• "Up North" Gawking (District 1 sightings)

  • Guilford Rail System changed its name to Pan Am Railways in 2006. Discussion relating to the current operations of the Boston & Maine, the Maine Central, and the Springfield Terminal railroads (as well as the Delaware & Hudson while it was under Guilford control until 1988). Official site can be found here: PANAMRAILWAYS.COM.
Guilford Rail System changed its name to Pan Am Railways in 2006. Discussion relating to the current operations of the Boston & Maine, the Maine Central, and the Springfield Terminal railroads (as well as the Delaware & Hudson while it was under Guilford control until 1988). Official site can be found here: PANAMRAILWAYS.COM.

Moderator: MEC407

  by Cosakita18
 
It would be really interesting to see where those truck-to-rail conversions are coming from in PAR territory and what traffic they're chasing.

They really did redact all the good bits in that filing!
  by bostontrainguy
 
This comment is from a YouTube video from an apparently disgruntled former CSX employee:

"They are just Pan Am but with better track conditions. They are already bullying a lot of customers trying to drive them away. They already managed to kill off the lumber reload at Enfield that Pan Am opened."

Can anyone verify this? Doesn't seem logical to me.

Video here:
https://www.youtube.com/watch?v=lvc0pyhhlHU&t=2s
  by Goddraug
 
I don't run a railroad, but I feel like if I were trying my hardest to chase away customers, I wouldn't be rebuilding railroad lines and raising track speeds for faster service.

I read his other comments, the guy just seems like he's a former employee upset with CSX. They're not perfect, but what they are doing with the former Pan Am system is incredible.
  by NHV 669
 
Goddraug wrote: Wed Dec 06, 2023 1:02 pm I don't run a railroad, but I feel like if I were trying my hardest to chase away customers, I wouldn't be rebuilding railroad lines and raising track speeds for faster service.
CP did the same thing with the log reloads on the Moosehead; wouldn't serve them, then cut up the cars. Just because they have the capital to make it a faster road, doesn't mean they'll treat every customer to a gold standard.

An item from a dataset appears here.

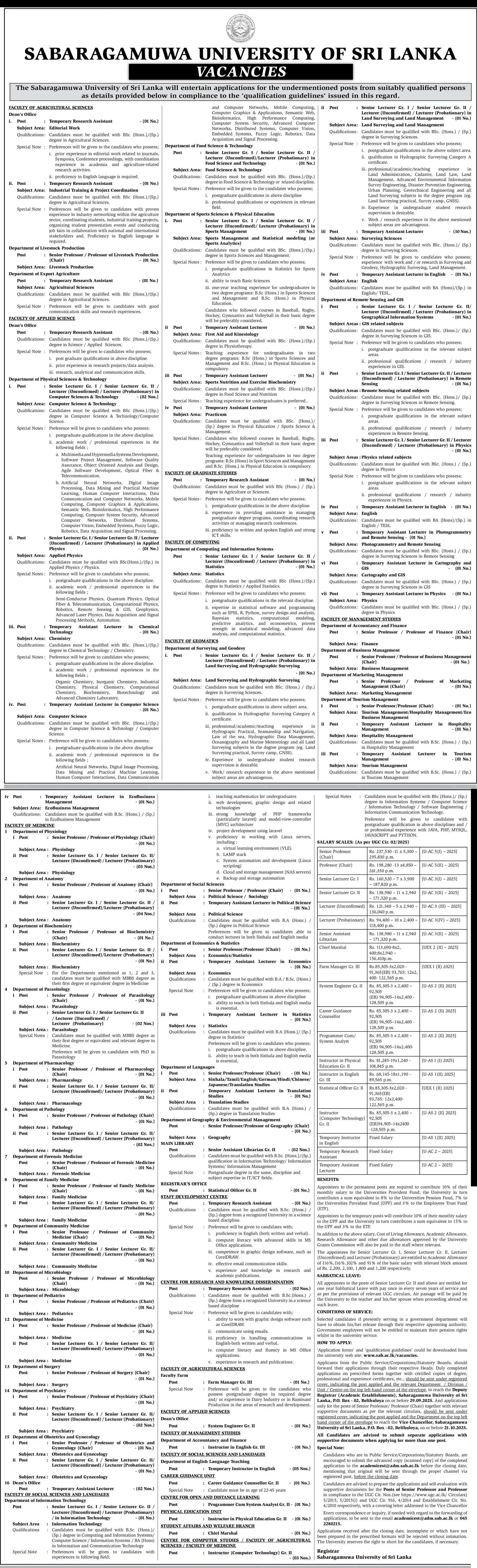 Temporary Research Assistant, Senior Professor, Professor, Senior Lecturer (Grade I/II), Lecturer (Unconfirmed), Lecturer (Probationary), Temporary Assistant Lecturer, Senior Assistant Librarian, Chief Marshal, Farm Manager, System Engineer, Career Guidance Counsellor, Program cum System Analyst, Instructor, Statistical Officer, Instructor, Temporary Instructor – Sabaragamuwa University of Sri Lanka Vacancies 2025
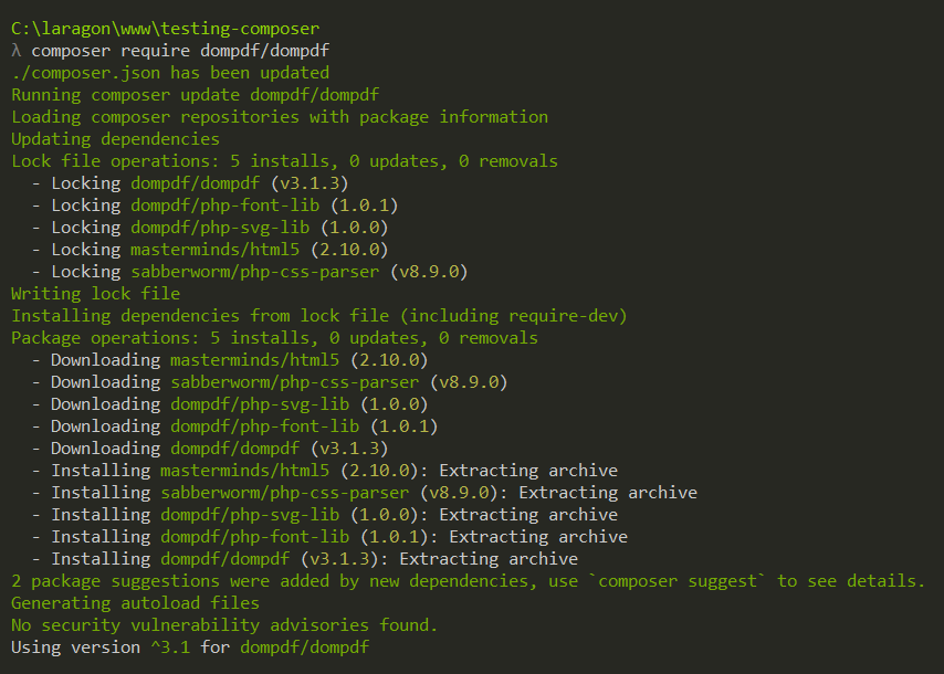 composer require dompdf/dompdf

They're rebuilding it so they don't have to pay CP to move their cars...
  by newpylong
 
Nor is every customer "worth it" but I'm going to do some digging on this one. Disgruntled ex employees aren't the best source of info sometimes.

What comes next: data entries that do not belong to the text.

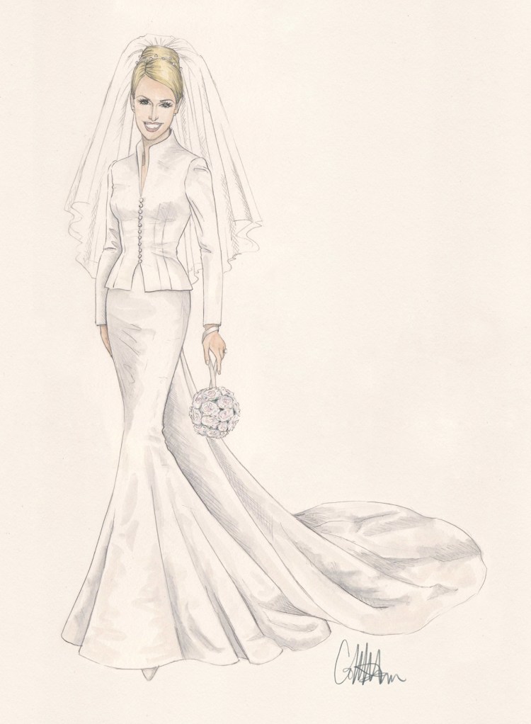 This illustration of Carola’s gown (the Victorian gown with a longer, flower-less train) is done in pencil and gouache on paper and is 11″ x 15″.
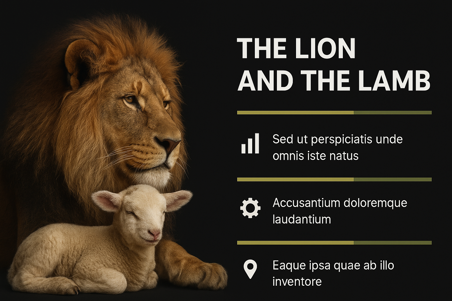 A striking image featuring a lion and a lamb, symbolizing peace and strength. The modern design includes text elements that enhance the theme, suitable for inspirational content.
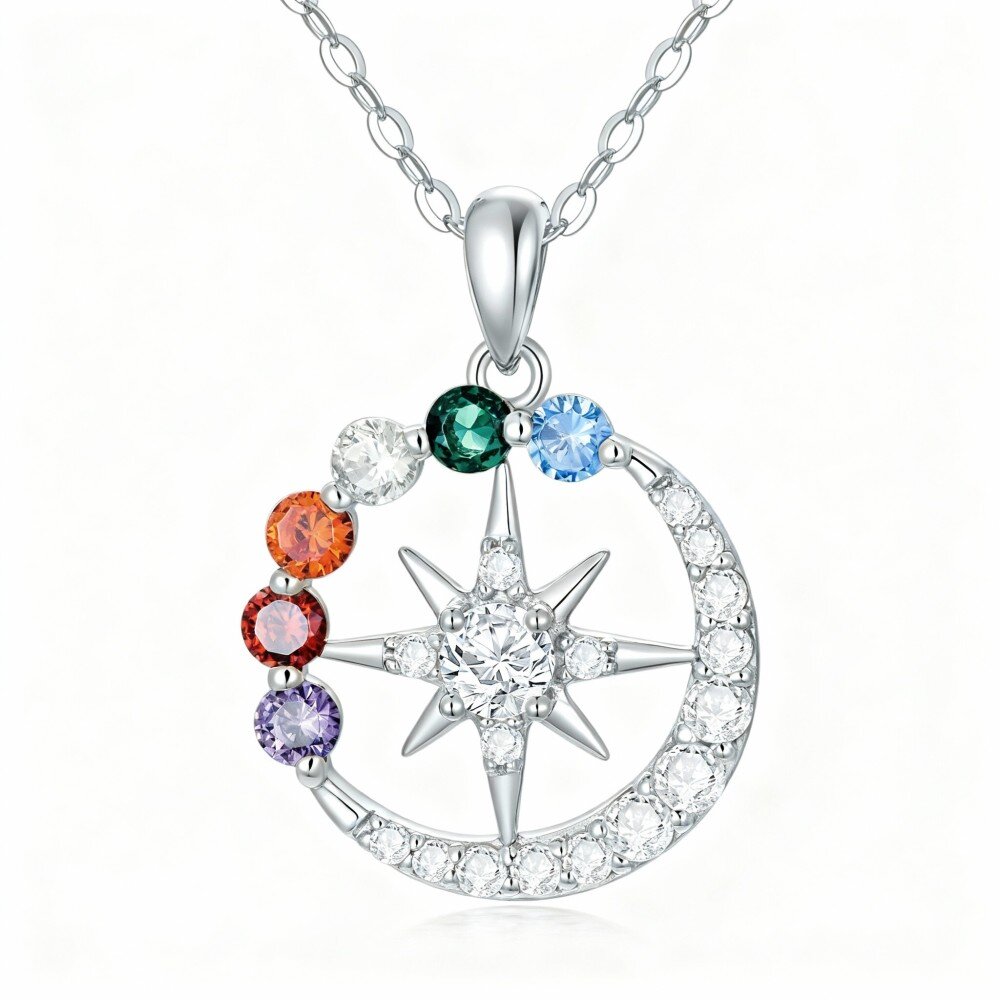 Discover the exquisite charm of our 10K White Gold Pendant Necklace adorned with vibrant Zircon gemstones representing Chakras and celestial bodies.

Reopening Keag to not pay CP to move 40 cars a day is absolutely one reason, but the ROI on that will be a decade on what they are dropping. There are bigger plans.
Last edited by newpylong on Wed Dec 06, 2023 7:10 pm, edited 1 time in total.
  by CN9634
 
Technically Pan Am instituted the return to Keag by landing the grant. Works out pretty well when half the cost is paid for by the Feds.

The lumber loading at Enfield was build during a period of time when the line was largely dormant, so not exactly sure what Pleasant River was thinking... I guess with things ramping up maybe they will have a regular service plan but how could they honestly expect to get good service there? Then again, PR is in a strange time, they quietly sold off half their production to another outfit....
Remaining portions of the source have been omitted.